Geology of the oceanic crust: Magnetic properties of oceanic rocks

A diverse suite of rocks has been sampled from ocean basin escarpments in the North Atlantic and the Caribbean: fresh and weathered basalts, metabasalts (zeolite and greenschist facies), gabbros, metagabbros (greenschist and amphiolite facies), serpentinized peridotites, and actinolite rocks. One hundred and three representative specimens were chosen from this diverse suite of rocks, and the natural remanent magnetization (NRM) intensity and susceptibility for each specimen were measured in the laboratory. Unaltered and unweathered basalts had the highest measured NRM intensities (geometric mean, 10.69 × 10−3 emu/cm3). The weathered basalts, metamorphosed basalts, gabbros, metagabbros, and actinolite rocks all had NRM intensities much lower than those of the fresh basalts (geometric means, 0.11–1.60 × 10−3 emu/cm3). The serpentinized peridotites, however, are strongly magnetic, the geometric mean intensity being 7.86 × 10−3 emu/cm3. The serpentinized peridotites also had high susceptibilities (geometric mean, 3.298 × 10−3 emu/cm3), whereas all the other rock types had low susceptibilities (geometric means, 0.047–0.480 × 10−3 emu/cm3).
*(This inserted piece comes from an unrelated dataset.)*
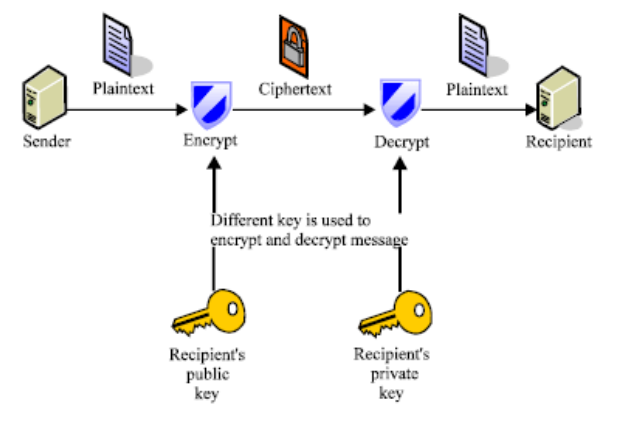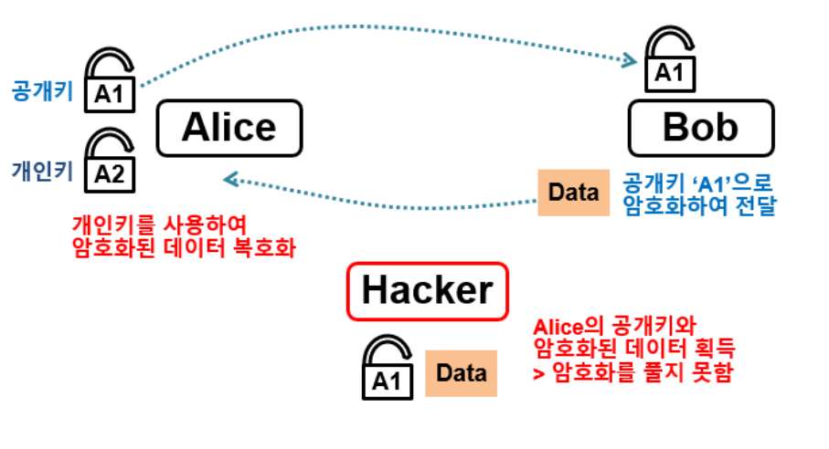 - 수학적 알고리즘을 통해 암호화를 위한 키와 복호화를 위한 키를 따로 가지는 암호 알고리즘이다.

The measured magnetic parameters for the several rock types are compared with published models of the oceanic crust based on measurements of the magnetic field over the oceans. These geophysical models suggest that the upper part of the oceanic crust is a strongly magnetized layer of basalt and the majority of the crust below is weakly magnetized. The fresh basalts measured in this study have intensities and susceptibilities compatible with those in the geophysical models. The metabasalts, gabbros, metagabbros, and actinolite rocks have weak intensities and therefore could be, on the basis solely of their magnetic character, volumetrically important components of the weakly magnetized part of the oceanic crust. Serpentinized peridotite has intensities and susceptibilities too high to be an important component of the oceanic crust.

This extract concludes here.